Sixtus Ogbuehi

Personal information
- Full name: Nzubechi Sixtus Ogbuehi Ogbuehi
- Date of birth: 15 March 2003 (age 23)
- Place of birth: Owerri, Nigeria
- Height: 1.92 m (6 ft 4 in)
- Position: Forward

Team information
- Current team: Kortrijk
- Number: 90

Senior career*
- Years: Team / Apps / (Gls)
- 2021–2022: Campos FC / 16 / (9)
- 2022–2023: Moralo B / 4 / (1)
- 2023: → Montehermoso (loan) / 13 / (2)
- 2023–2024: Moralo / 14 / (8)
- 2024: Ceuta B / 15 / (8)
- 2024–2025: Eldense / 6 / (0)
- 2025: → Osasuna B (loan) / 18 / (4)
- 2025–: Kortrijk / 24 / (1)

= Sixtus Ogbuehi =

Nigerian footballer

Nzubechi Sixtus Ogbuehi Ogbuehi (born 15 March 2003) is a Nigerian footballer who plays as a forward for Belgian club KV Kortrijk.

==Career==
Born in Owerri, Ogbuehi played for hometown side Campos FC in the Nigeria National League during the 2021–22 season, scoring nine goals in 16 appearances. He subsequently moved to Spain, joining Moralo CP and playing for their reserve team in the Primera División Extremeña before joining Tercera Federación side CP Montehermoso on loan on 29 January 2023.

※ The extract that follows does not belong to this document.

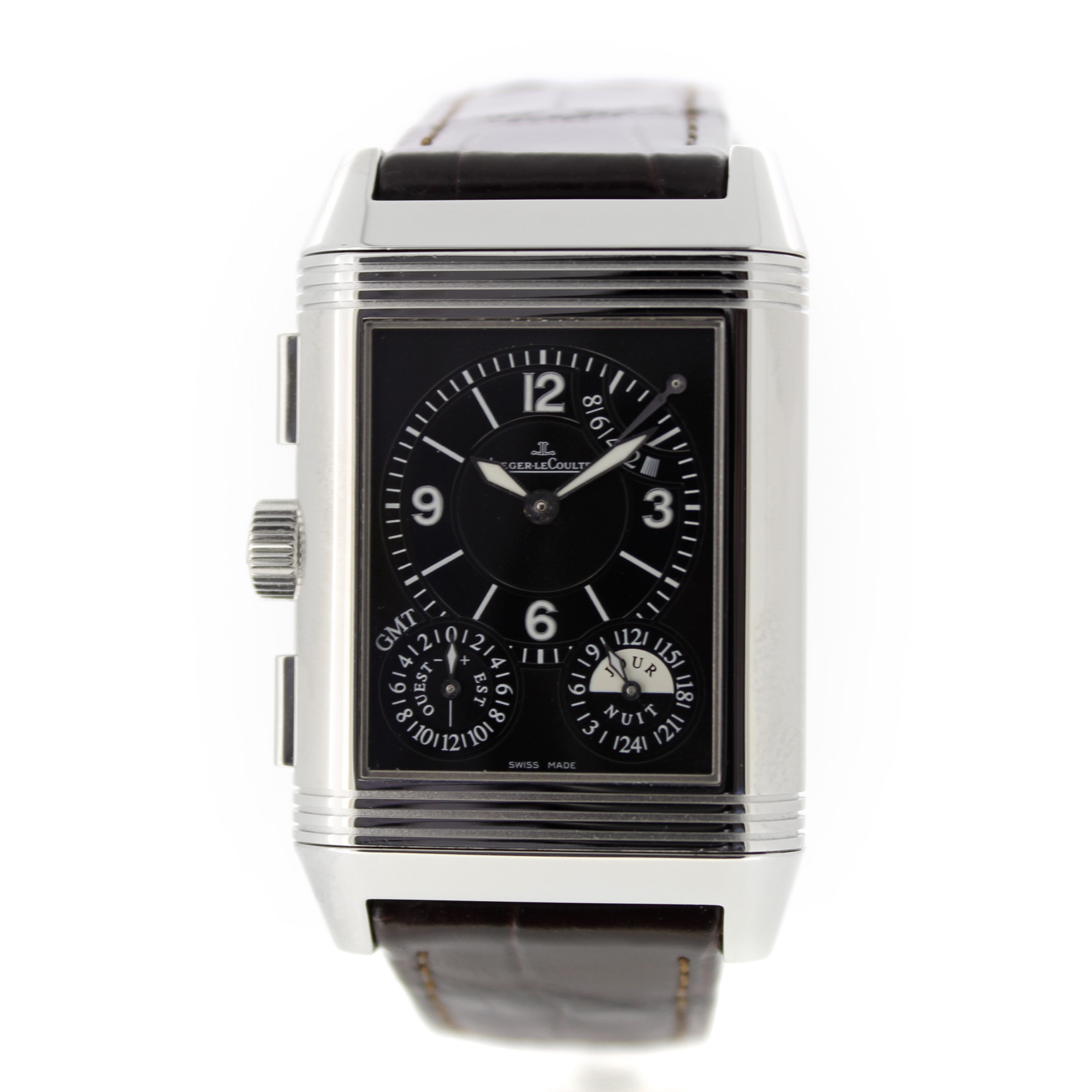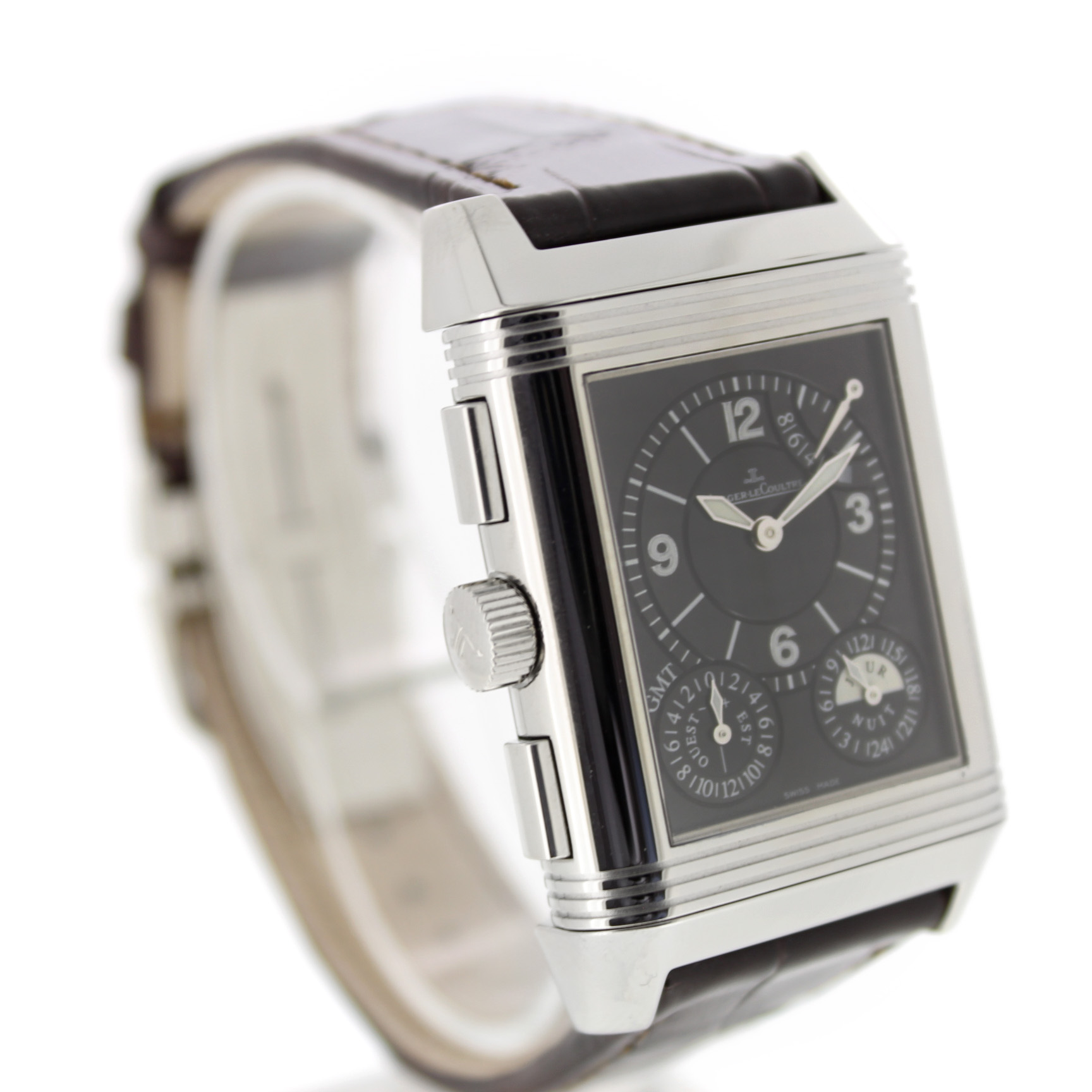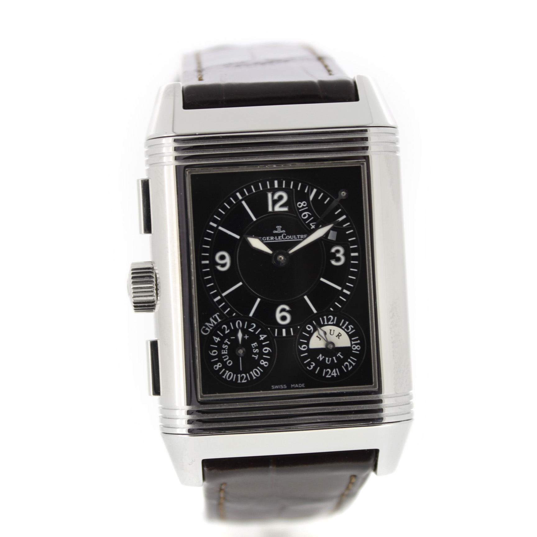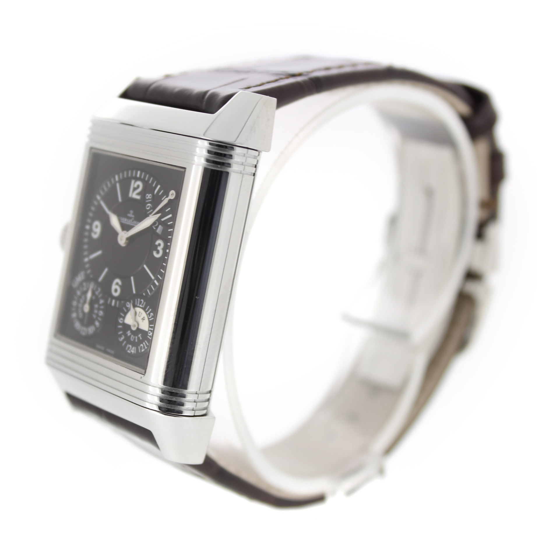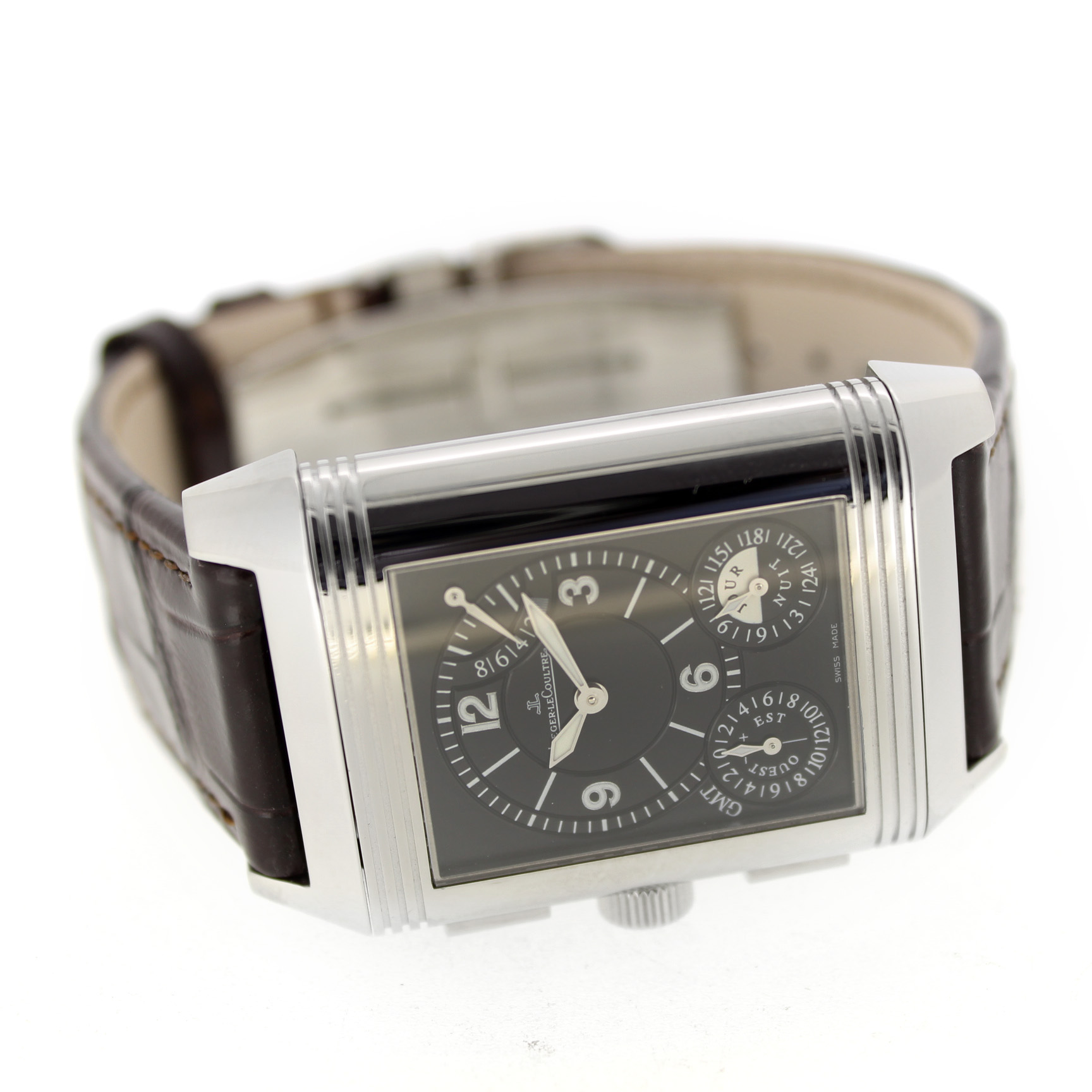 Jaeger-LeCoultre Reverso Grande Gmt 240.8.18 horloge is tweedehands te koop in onze zaak en heeft een 29mm staal kast met een bruin leren band. Het horloge beschikt over een zilverkleurige of zwarte wijzerplaat.

Ogbuehi returned to Moralo in July 2023, and was promoted to the first team in August after renewing with the club. The following 1 February, after scoring eight goals in just 14 matches, he signed a two-and-a-half-year contract with AD Ceuta FC and was assigned to the reserves also in the fifth division.

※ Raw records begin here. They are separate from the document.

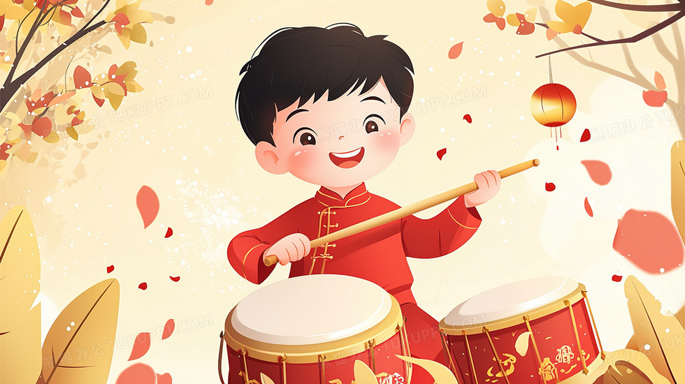 本作品内容为春节敲打圆鼓的可爱卡通小男孩插画, 格式为 jpg, 大小2 MB, 图片尺寸为2912 x 1632, 源文件无水印, 欢迎使用熊猫办公。 如认为平台内容涉嫌侵权,可通过邮件:tousu@tukuppt.com提出书面通知,我们将及时处理。
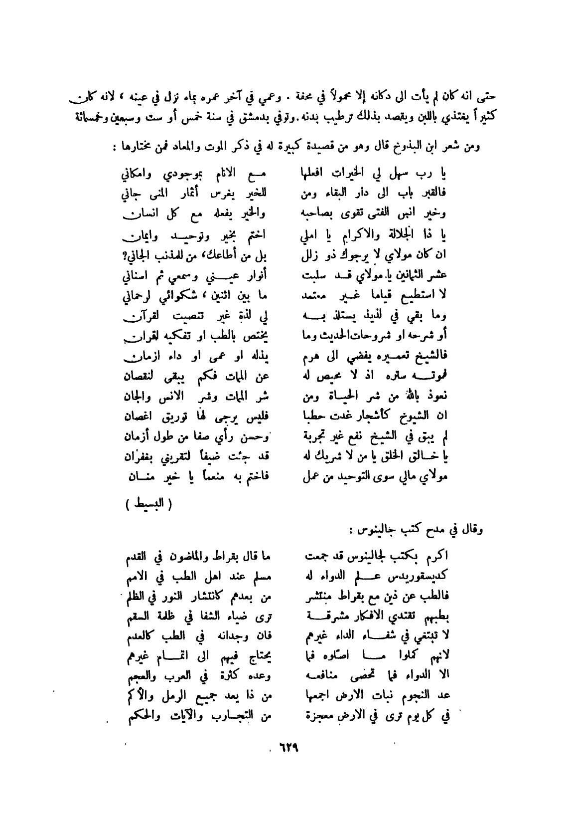 (اكرم بكتب لِجَالِينُوسَ قد جمعت ... مَا قَالَ بقراط والماضون فِي الْقدَم)
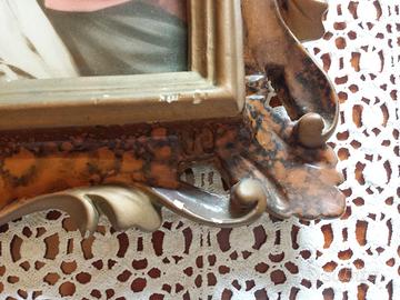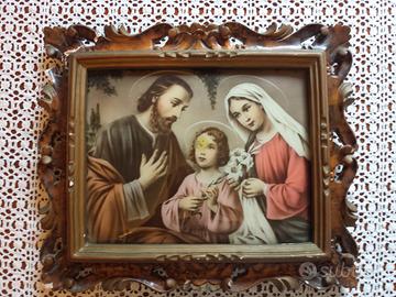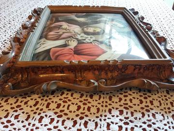 Vendo Quadro religioso per camera letto. E con cornice intarsiata in legno, immagine su base similvetro, e retroilluminazione. Presumibilmente di circa 70 o più anni

On 8 July 2024, after scoring ten goals for Ceuta B, Ogbuehi agreed to a three-year deal with Segunda División side CD Eldense; Ceuta also retained 40% over a future sale. He made his professional debut on 1 September, coming on as a late substitute for Joel Jorquera in a 2–1 home loss to FC Cartagena.

On 14 January 2025, Ogbuehi was loaned to Primera Federación side CA Osasuna B, with a buyout clause. On 25 July, he moved to Challenger Pro League side KV Kortrijk on a three-year contract.